Recherche fondamentale et SARS-Covid-2
Dans un contexte épidémique où l’urgence domine, le virus ayant déjà causé la mort de plus de 14000 personnes en France à la mi-avril — nombre à comparer au 21000 décès provoqués par l’épidémie de grippe 2016-2017
—, la recherche fondamentale fournit un cadre et des pistes. Le « cadre
» nous permet de situer ce nouveau virus dans « le portrait de famille »
des maladies infectieuses. Nous savons ainsi que c’est un virus à ARN dont l’information génétique est stockée sous forme d’une séquence d’acide ribonucléique (ARN) comme le virus de la grippe et non sous forme d’ADN comme le virus de la varicelle.

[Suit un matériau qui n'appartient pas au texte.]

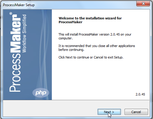 The user-friendly Windows Installer for ProcessMaker 2.0 automatically installs Apache 2.2.16, MySQL 5.1.50, PHP 5.2.14 and phpMyAdmin 3.3.7 and configures them to function with ProcessMaker.
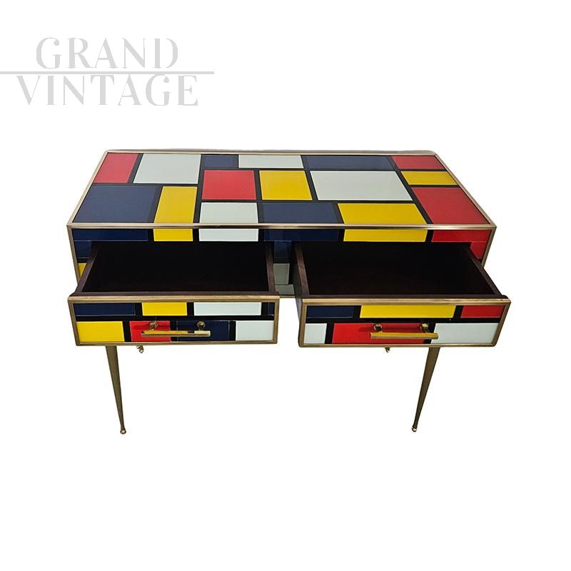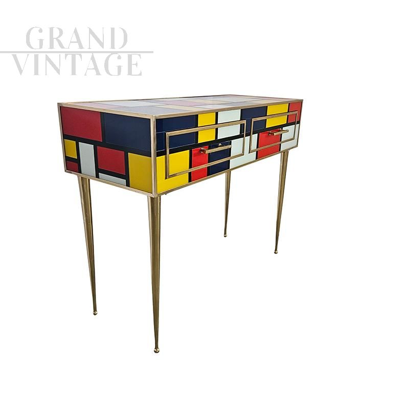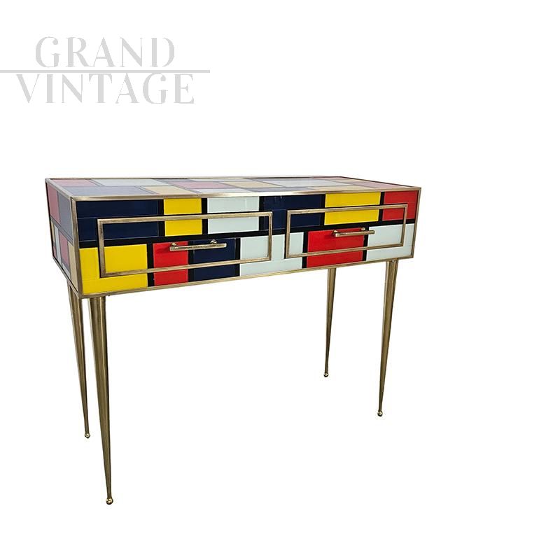 Wooden console, covered in glass Mondrian style. Profiles, handles, legs in brass. Equipped with two convenient drawers.
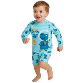 Possui estampa divertida de dinossauro no estilo Rock'n Roll, ideal para proteger a pele das crianças durante dias ensolarados na praia ou piscina.
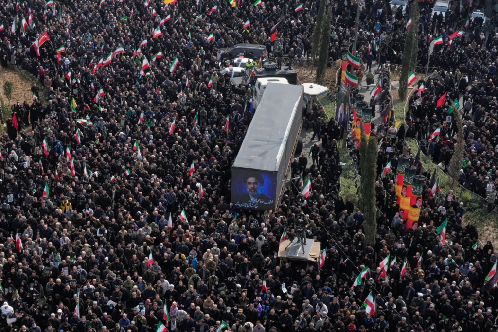 Πλήθος κόσμου, κρατώντας φωτογραφίες και λουλούδια απέτινε φόρο τιμής στα θύματα του πολέμου, εκφράζοντας παράλληλα τη στήριξή του στο καθεστώς και στον νέο ανώτατο ηγέτη του Ιράν, Μοτζτάμπα Χαμενεΐ.
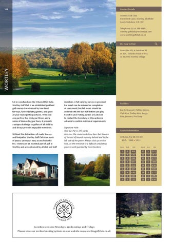 Societies welcome Mondays, Wednesdays and Fridays Please view our on-line booking system on our website www.wortleygolfclub.co.uk
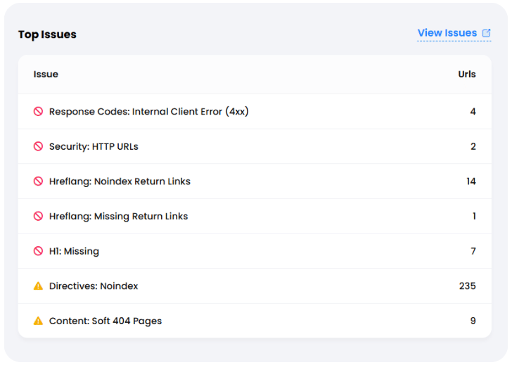 Easy-to-use Dashboard Displaying All Critical SEO Audit Issues
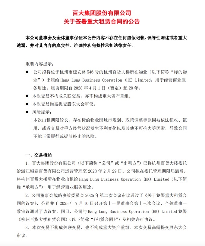 根據(jù)公告,杭州百貨大樓委托給浙江銀泰百貨有限公司運營管理至2028年2月29日,委托管理期限屆滿后,將直接出租給恒隆地產(chǎn)。本次租賃的杭州百貨大樓南、北樓物業(yè),合計租賃面積約4.2萬平方米,毗鄰杭州恒隆廣場。對此,百大方面表示,恒隆地產(chǎn)擁有豐富的商業(yè)運營管理經(jīng)驗,本次交易有助于提升物業(yè)價值。
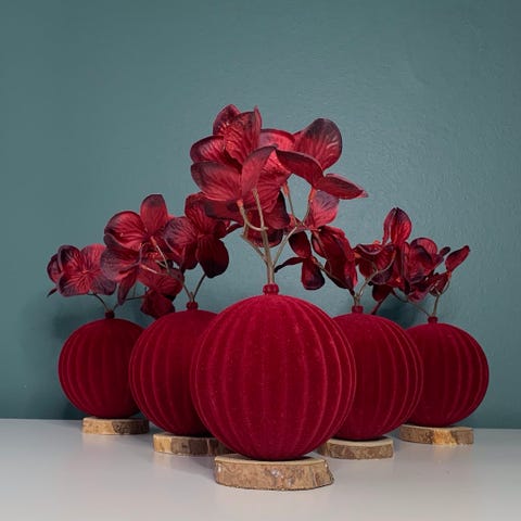 Fler-årig borddekoration til fx. julebordet. Bordeaux/mørkerød julekugle med tern i vintage look på træfod. Den er pyntet med kunstige blomster, der holder i mange år. Du kan købe den med og uden blomster. Kuglen er malet glas, så små “slaghuller” skal forventes i farven. Personligt synes jeg bare, at det er en slags patina i vintage looket.
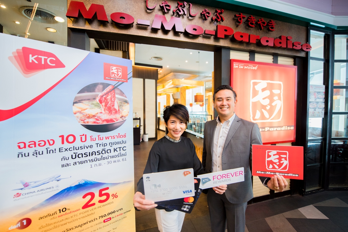 25 กันยายน 2561 : นางประณยา นิถานานนท์ ผู้อำนวยการ – ธุรกิจบัตรเครดิต “เคทีซี” หรือ บริษัท บัตรกรุงไทย จำกัด (มหาชน) ร่วมกับนายสุรเวช เตลาน กรรมการผู้จัดการ บริษัท โนเบิลเรสเตอท์รองต์ จำกัด เจ้าของแบรนด์ดัง “โมโมพาราไดซ์” (Momo Paradise) ร้านชาบู สุกี้น้ำดำ ต้นตำรับจากโตเกียว ในรูปแบบของ “All-You-Can-Eat” Shabu-Shabu & Sukiyaki จัดแคมเปญใหญ่ฉลองครบรอบ 10 ปี มอบสิทธิประโยชน์ให้สมาชิกบัตรเครดิตเคทีซีอิ่มสุดคุ้ม รับโชค 3 ต่อ ตั้งแต่วันที่ 1 กันยายน – 30 พฤศจิกายน 2561 ดังนี้
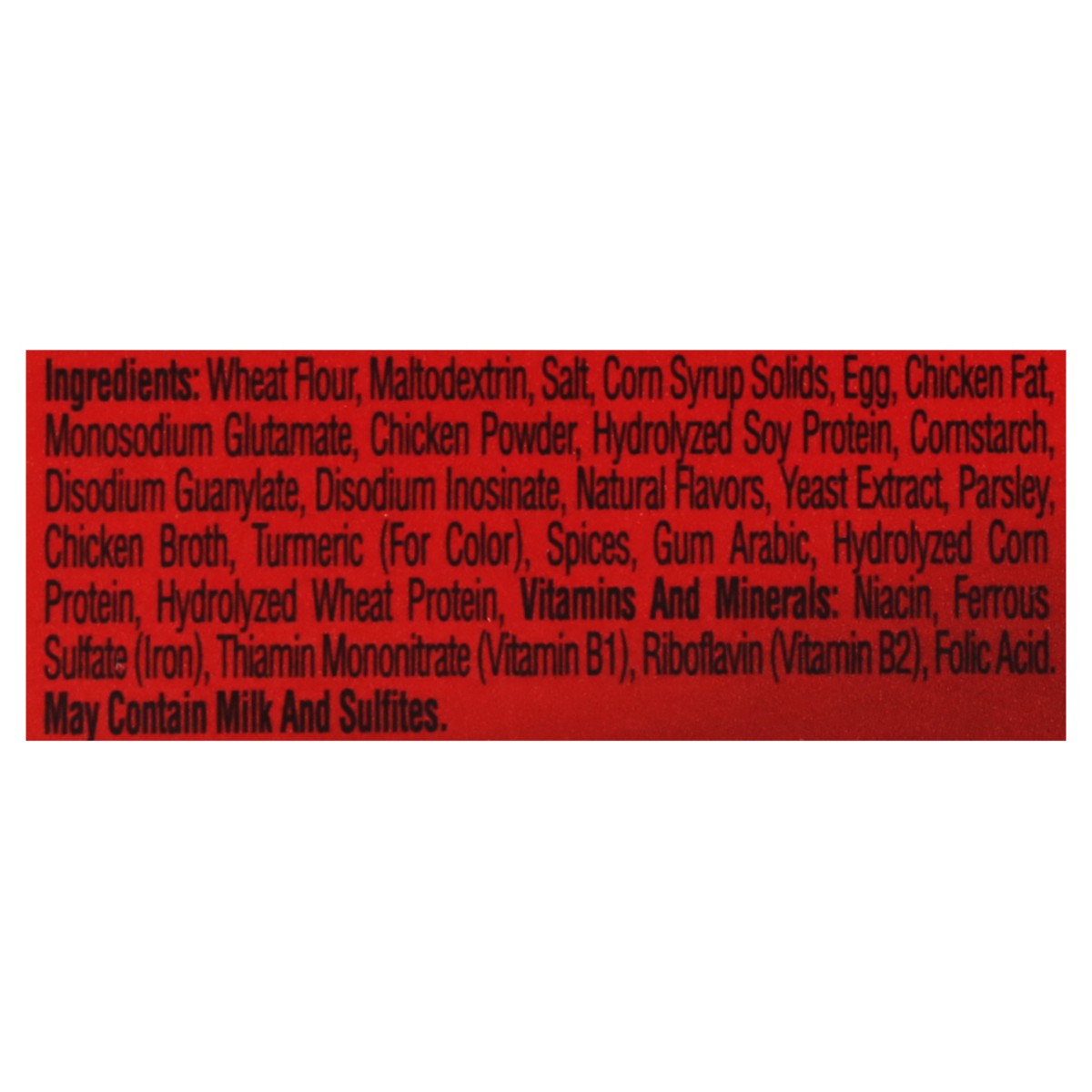 Wheat Flour, Maltodextrin, Salt, Corn Syrup Solids, Eggs, Chicken Fat, Monosodium Glutamate, Chicken Powder, Hydrolyzed Soy Protein, Cornstarch, Disodium Guanylate, Disodium Inosinate, Natural Flavors…
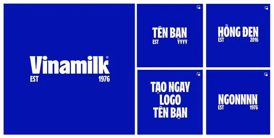 Cùng phân tích trên thiết kế Logo, Tôi tạm thời bỏ qua chi tiết tuyệt vời của logo, để dành nó cho phần phân tích về type system, mà cùng nhìn về cách mà các bạn trẻ bàn tán về cụm EST 1976. Tôi quan sát thấy sự quan tâm của mạng xã hội đặt lên cụm EST nhiều hơn cụm “Vinamilk” dù nó là chi tiết nhỏ, game tương tác custom logotype generate mà Vinamilk tạo ra hôm trước cũng dựa trên insight này và đã viral. Trong giới design thì tranh cãi vẫn xoay quanh cụm EST nhiều hơn, và kết quả là nó giúp cho người ta nhìn vào chi tiết nhỏ nhất của logo, vô tình ghi nhớ luôn cái logo tổng. Tôi dám chắc người làm design không chủ đích tạo viral trên cụm EST mà cơ bản là follow các yêu cầu thiết kế thuần tuý, nhưng bạn có thể thấy đó, một design đúng đắn sẽ phát huy được thêm rất nhiều tác dụng tích cực khác, đôi khi là ngoài mong đợi.
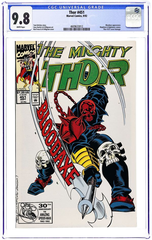 Cover pencils by Ron Frenz, inks by Al Milgrom. "Beware the Bloodaxe," script by Tom DeFalco, pencils by Gary Hartle, inks by Al Milgrom and Yates; Thor and Code Blue return to Earth from Asgard and are joined by Balder and Sif; Bloodaxe kills two gang members. Brief appearances by Odin, Fandral, Volstagg, Sif, and Mephisto. Tales of Asgard back-up, "Enter The Nameless Dimension," script by Tom DeFalco, art by Geof Isherwood; Enchantress escapes Karnilla's dungeon to rescue Heimdall and ends up trapped by Nightmare. Bullpen Bulletins. 36 pgs., full color. $1.25. Cover price $1.25. Grade: CGC 9.8 explanation of grade Condition: Used (collectible)

Le « support ARN » fait que ce virus dépend pour la copie de son
information génétique et donc pour sa multiplication, d’une protéine
spécifique (au nom barbare d’ARN polymérase ARNdépendante),
il fait ensuite synthétiser par ses cellules hôtes une longue chaîne
protéique qui doit être coupée aux bons endroits pour donner des
protéines fonctionnelles (voir l’article Coronavirus
de Wikipédia qui est clair et pas trop technique). La mise en évidence
de ces étapes clés, identifiées par un patient effort hautement
collectif de recherche fondamentale, fournit des pistes pour des traitements antiviraux
: il s’agit d’interférer avec une ou plusieurs 1 des étapes en
employant des molécules connues pour leur activité dans des contextes
similaires. Le fait que nous avons un coronavirus nous dit aussi
immédiatement que nous avons affaire à un virus au génome « long », deux
fois plus long que celui de la grippe et trois fois plus long que celui
du SIDA, ce qui nous fournit quelques espoirs pour le développement
d’un vaccin. Ce sera de toute façon long à venir, mais un vaccin a, par
exemple, été développé contre le coronavirus canin
; alors les virus de la grippe et du SIDA sont connus pour muter vite —
ce qui a conduit à l’échec, jusqu’à présent, du développement d’un
vaccin contre le second et ce qui rend, comme chacun sait, les vaccins
annuels contre le virus de la grippe plus ou moins efficaces. Les
génomes longs sont connus pour évoluer / muter moins vite et les
coronavirus font de plus synthétiser des protéines de corrections de
mauvaises copies de leur génome. Moins bonne nouvelle, des sept
coronavirus maintenant connus pour infecter l’homme, quatre sont
responsables de 15 à 30 % de nos rhumes et, comme nous l’apprenons tous à
nos dépends, le temps ne fait rien à l’affaire et nous ré-attrapons des
rhumes tous les ans ou presque, ce qui suggère fortement que l’immunité
acquise après l’infection par un coronavirus n’est pas d’aussi longue
durée que celle qui fait suite à une varicelle.
Je
n’ai fait jusqu’ici que survoler certains aspects moléculaires et
cellulaires du coronavirus, mais il pose, comme toutes les maladies
infectieuses émergentes, d’autres questions nécessitant un effort de
recherche fondamentale : le passage d’une espèce « réservoir du virus » à
l’homme est du ressort de la dynamique des populations, de l’étude des
conséquences de la destruction des habitats et des questions évolutives,
c’est-à-dire, de l’écologie. La maîtrise du précédent coronavirus, le coronavirus du syndrome respiratoire du Moyen-Orient, fait quand à elle intervenir l’anthropologie, puisque l’espèce réservoir semble être le dromadaire
dont le lait est commercialisé non stérilisé dans 80 % des cas ; or il
est très délicat de « mettre en cause » un animal symbole de statut
social — le lecteur qui trouve cela étrange pourra faire un parallèle
avec la voiture chez nous.
Mais
pour être fiable et donc utile dans une situation comme la présente
épidémie, la « recherche fondamentale » doit être ouverte et conduite
dans une perspective « à long terme » ; c’est malheureusement l’opposé
qui nous est maintenant imposé avec le financement systématique sur
projets (de deux à cinq ans) et le « darwinisme social » prôné, par exemple, par le PDG du CNRS.